In an exemplary embodiment, the display panel further includes a third pixel connected to a third initialization scan line and a third compensation scan line, and a fourth pixel connected to a fourth initialization scan line and a fourth compensation scan line, and wherein the scan The driving circuit provides a second initialization scan signal in common to the third initialization scan line and the fourth initialization scan line, and provides a third compensation scan signal and a fourth compensation scan signal to the third compensation scan line and the fourth compensation scan line. Compensation scan signals may be further provided, respectively.

In one embodiment, a delay time from when the first initialization scan signal transitions from the inactive level to the active level until the second initialization scan signal transitions from the inactive level to the active level is 2 It can be a horizontal cycle.

In an example embodiment, the display panel may further include a data line connected to the first pixel and the second pixel, and a data driving circuit driving the data line.

In one embodiment, the driving controller receives an input image signal, compensates the input image signal corresponding to at least one of the first pixel and the second pixel based on a compensation value, and converts an output image signal to the data It can be output to the driving circuit.

In one embodiment, the compensation value may include a first compensation value corresponding to the first pixel and a second compensation value corresponding to the second pixel. The driving controller may compensate the input image signal corresponding to the first pixel based on the first compensation value and output the output image signal to the data driving circuit. The driving controller may compensate the input image signal corresponding to the second pixel based on the second compensation value and output the output image signal to the data driving circuit.
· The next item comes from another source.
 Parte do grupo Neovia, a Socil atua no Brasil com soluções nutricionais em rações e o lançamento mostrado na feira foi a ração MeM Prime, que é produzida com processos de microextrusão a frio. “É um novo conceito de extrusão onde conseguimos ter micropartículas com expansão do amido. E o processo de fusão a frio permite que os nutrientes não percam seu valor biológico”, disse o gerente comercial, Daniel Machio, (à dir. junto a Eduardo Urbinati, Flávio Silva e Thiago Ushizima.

A display device according to one aspect of the present invention includes a first pixel connected to a first initialization scan line and a first compensation scan line, a second pixel connected to a second initialization scan line and the second compensation scan line, a third initialization scan line, and A display panel including a third pixel connected to a third compensation scan line, a fourth initial scan line, and a fourth pixel connected to the fourth compensation scan line, and a first initial scan signal is transmitted to the first and second initial scan lines. common, providing a second initialization scan signal in common to the third and fourth initialization scan lines, and providing first to fourth compensation scan signals to the first to fourth compensation scan lines, respectively A scan driving circuit and a driving controller controlling the scan driving circuit are included. The first time from when the first compensation scan signal transitions from the inactive level to the active level until the second compensation scan signal transitions from the inactive level to the active level is After transition from the inactive level to the active level, the third compensation scan signal is shorter than a second time until transition from the inactive level to the active level.

In one embodiment, a third time period from when the third compensation scan signal transitions from the inactive level to the active level until the fourth compensation scan signal transitions from the inactive level to the active level is It may be less than the second time.
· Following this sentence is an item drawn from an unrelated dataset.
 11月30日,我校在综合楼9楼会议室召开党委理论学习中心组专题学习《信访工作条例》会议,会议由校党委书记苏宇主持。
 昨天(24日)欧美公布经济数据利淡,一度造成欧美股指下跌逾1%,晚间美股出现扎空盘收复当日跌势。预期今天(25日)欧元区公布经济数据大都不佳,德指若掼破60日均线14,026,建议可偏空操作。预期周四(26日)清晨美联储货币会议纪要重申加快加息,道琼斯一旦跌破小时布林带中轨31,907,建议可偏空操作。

In one embodiment, the second time period may be 1 horizontal period, and each of the first time period and the third time period may be less than 1 horizontal period period.
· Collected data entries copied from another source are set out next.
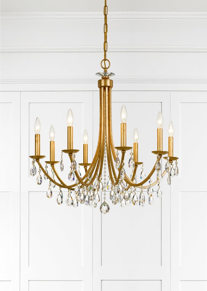 A classic yet moderns style with slim, upward curved arms strung in curtains of faceted crystal jewels, create visual interest. Complementary to a variety of home décor styles this chandelier will work in any space.
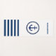 Dieses Bild zeigt einen Bootnamen und Anker auf einem marineblau-blau-weiß gestreiften Hintergrund.
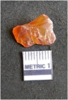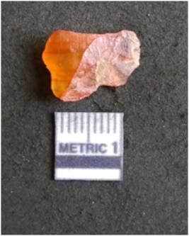 | Description / विवरण | The carnelian flake is red in color, with angular flaked edges and a bulbous end. The piece has sharp pointed end and a crypto-crystalline matrix. The piece is reddish in color; with silica base. |

In one embodiment, a delay time from when the first initialization scan signal transitions from the inactive level to the active level until the second initialization scan signal transitions from the inactive level to the active level is 2 It can be a horizontal cycle.

In an embodiment, the driving controller may provide first and second start signals and first to fourth clock signals to the scan driving circuit.

In an embodiment, the scan driving circuit may output the first and second initial scan signals in response to the first start signal, the first clock signal, and the second clock signal. The scan driving circuit may output the first to fourth compensation scan signals in response to the second start signal, the third clock signal, and the fourth clock signal.

In an exemplary embodiment, the scan driving circuit may include a first initial stage outputting the first initial scan signal in response to the first start signal, the first clock signal, and the second clock signal, and the first initial scan signal. and a second initialization stage outputting the second initialization scan signal in response to signals, the first clock signal, and the second clock signal.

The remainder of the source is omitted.